When arriving at the question of choosing the correct split, it stood between two options. Either the 60/20/20 split or 80/10/10. So to elaborate why I didnt choose the 80/10/10, boils down to that the split is relevant for when the scenario is about maximizing the training data, which is not our desired goal.  


### *Defending the chosen 60/20/20 split*

Why I think this is a good approach is that there will be sufficent data for the training to yield good results, without overfitting. It has a balanced evaluation which provides flexibility and reliability. 

In [30]:
# Let's make our split

training_validation = dataset.groupby(dataset.columns[1],group_keys=False).apply(lambda x: x.sample(frac=0.40))
test = dataset.drop(training_validation.index)

train = training_validation.groupby(dataset.columns[1], group_keys=False).apply(lambda x: x.sample(frac=0.50))
validation = training_validation.drop(train.index)

  training_validation = dataset.groupby(dataset.columns[1],group_keys=False).apply(lambda x: x.sample(frac=0.40))
  train = training_validation.groupby(dataset.columns[1], group_keys=False).apply(lambda x: x.sample(frac=0.50))


In [31]:
train_features = train.drop(dataset.columns[1], axis=1)
train_targets = train[dataset.columns[1]]

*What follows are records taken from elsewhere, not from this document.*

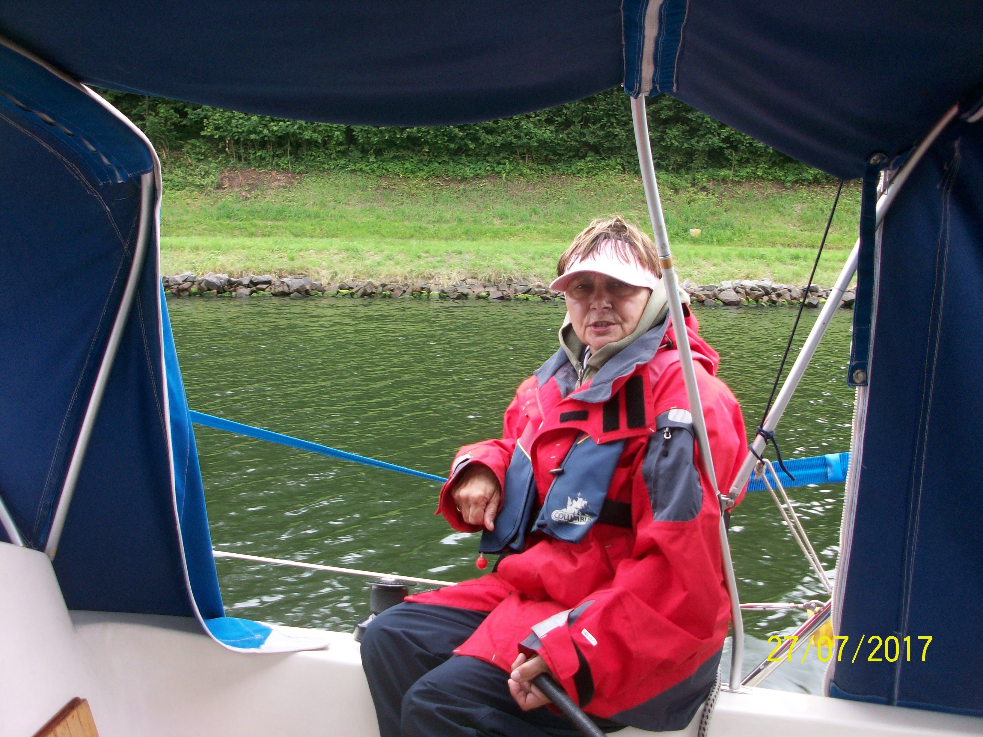 We wtorek, 25. 07, żegnamy Cuxhaven i w drugiej godzinie przypływu (11.00) ruszamy do Brunsbüttel. Warunki niezbyt korzystne. Wieje z SE 4B, w porywach do 5 – ostry bajdewind. Z niskich, czarnych chmur siecze deszcz. Wpływamy w otwarte wrota śluzy, przy silnym prądzie pływowym, znoszącym na prawą główkę. Na noc stajemy w przyśluzowej marinie (5,50 E). Ok. 17.00 pojechaliśmy z Jackiem Powałowskim na wystawny obiad. Dostaliśmy też wałówkę na drogę. Nazajutrz opuszczamy o 9.15 marinę i po 7 godzinach nudnej, kanałowej żeglugi, w deszczowej pogodzie, cumujemy w marinie Rader Insel, na 67 km Kanału Kilońskiego (10E). Wieczorem składamy życzenia wszystkim znajomym nam Annom i Hannom. Resztę kanału pokonujemy, pomagając sobie, zgodnie z przepisem, „jednym żaglem”. Przy wchodzeniu do śluzy Holtenau lunął deszcz i potężnie dmuchnęło, prosto w otwarte wrota. Cumowanie do śliskich, pływających pomostów utrudnione. Przed wieczorem stajemy w marinie Baltic Bay, w Laboe (15E).
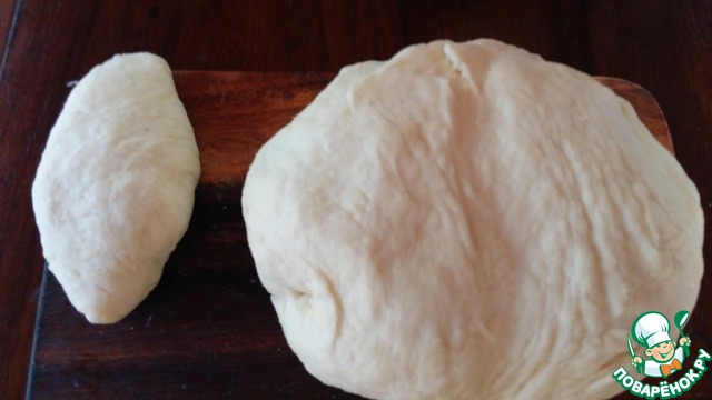 Благодаря использованию сыворотки у меня получилось совершенно необыкновенное тесто, которое не липнет к рукам, не требует подпыла, растягивается очень тонко и при этом не рвется.
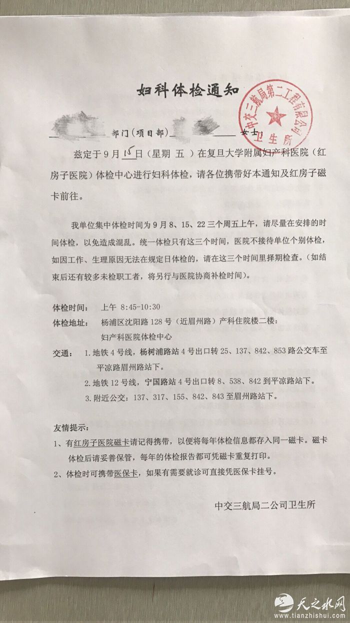 图为中交三航二公司妇科体检通知单
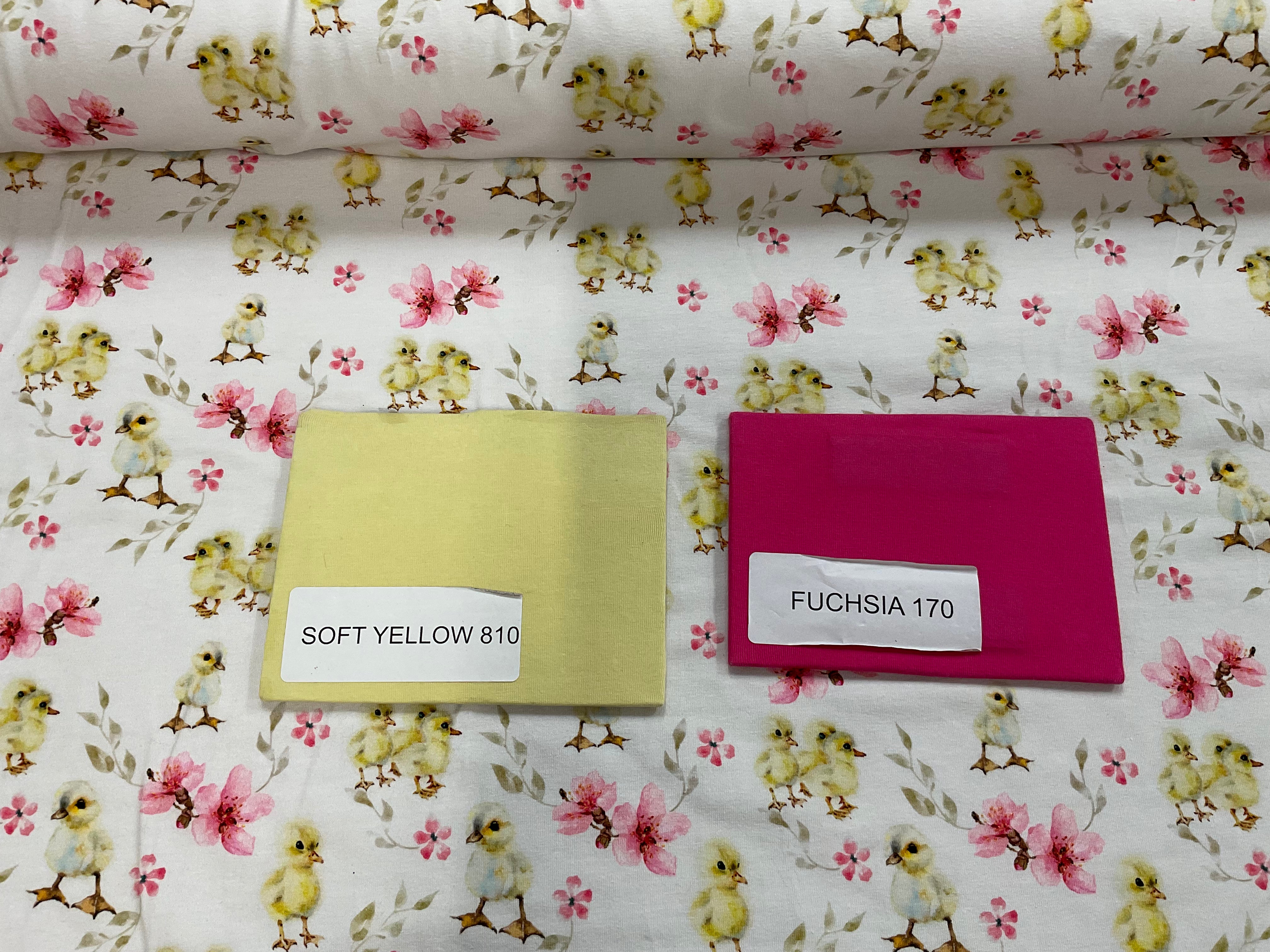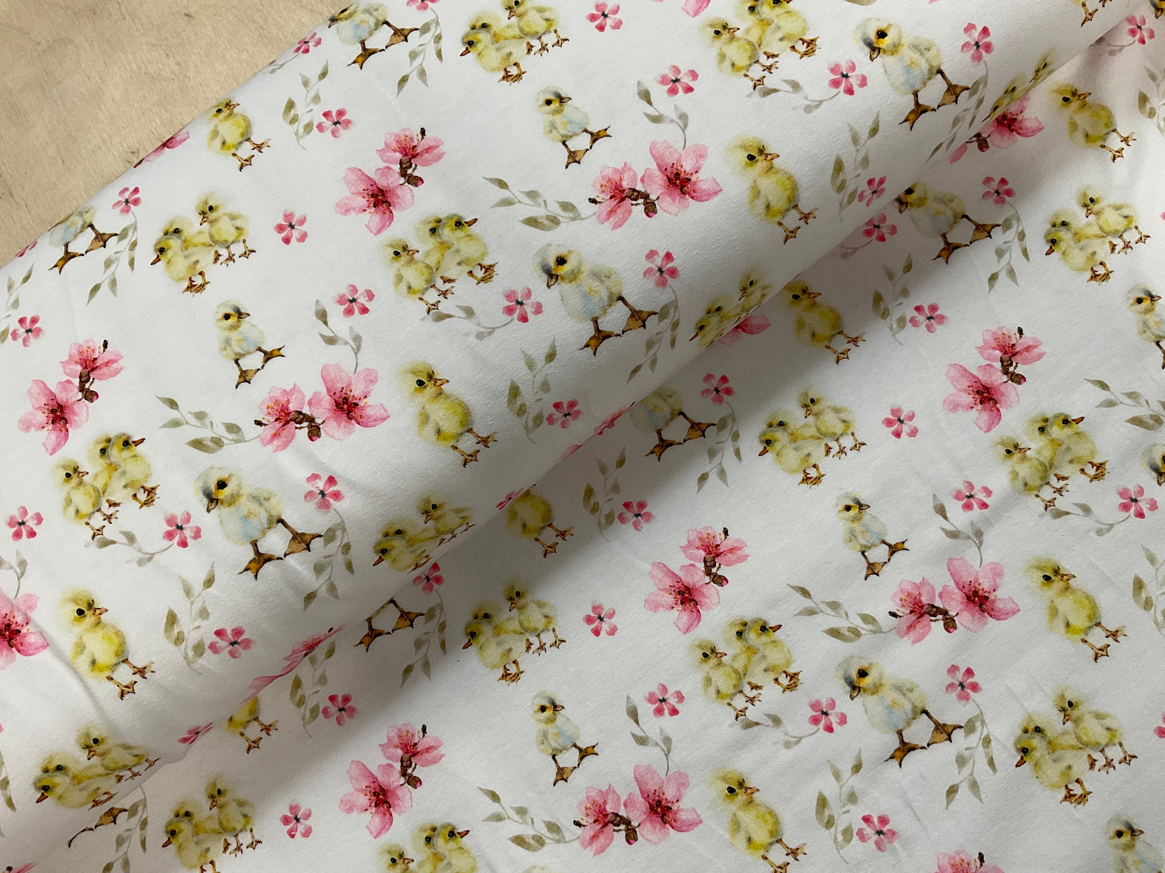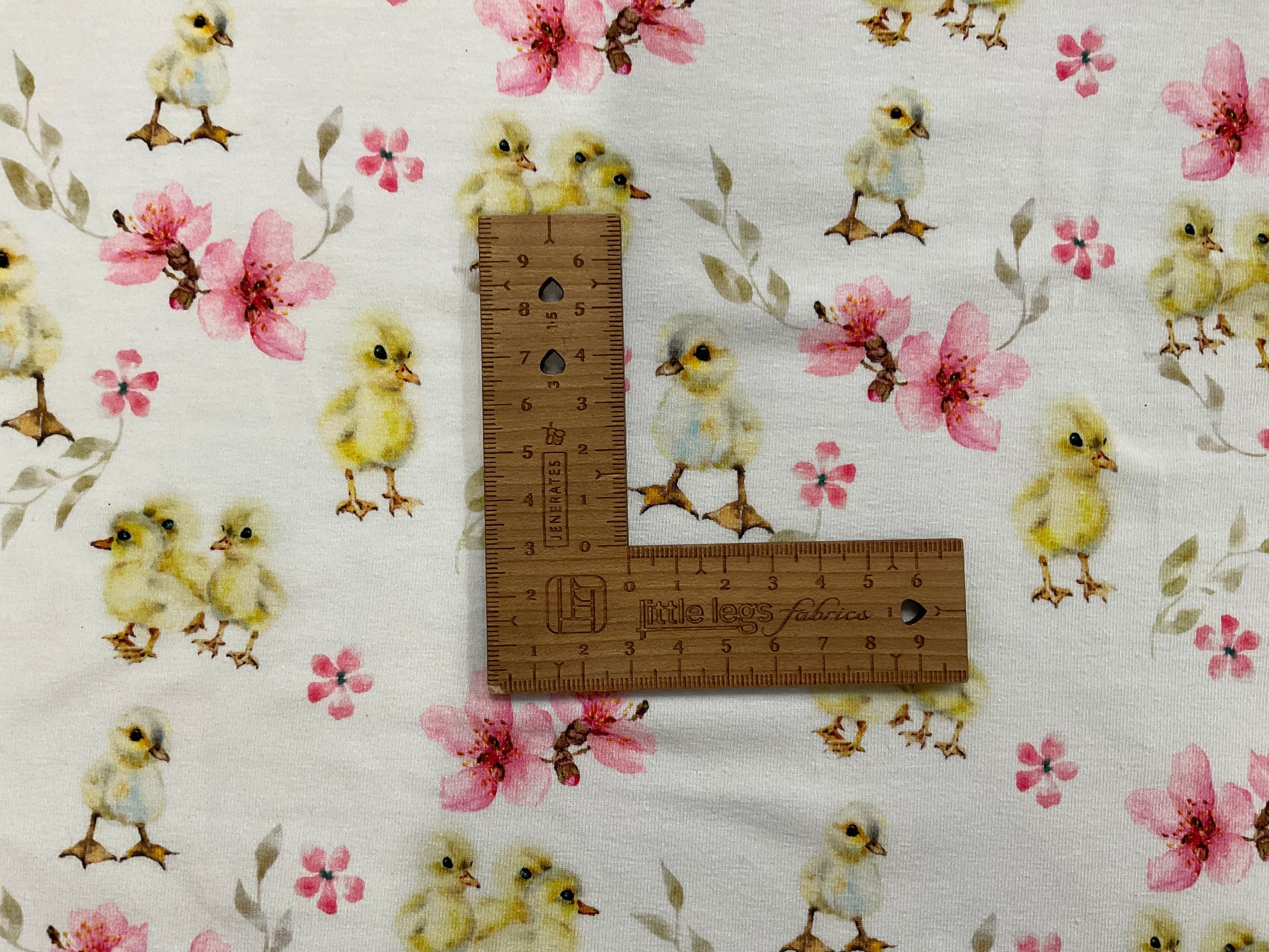 Chicks and Flowers Organic Cotton Jersey Fabric

validation_features = validation.drop(dataset.columns[1], axis=1)
validation_targets = validation[dataset.columns[1]]

test_features = test.drop(dataset.columns[1], axis=1)
test_targets = test[dataset.columns[1]]

In [32]:
dt1 = DecisionTreeClassifier()
dt1.fit(train_features, train_targets)

ValueError: Unknown label type: continuous. Maybe you are trying to fit a classifier, which expects discrete classes on a regression target with continuous values.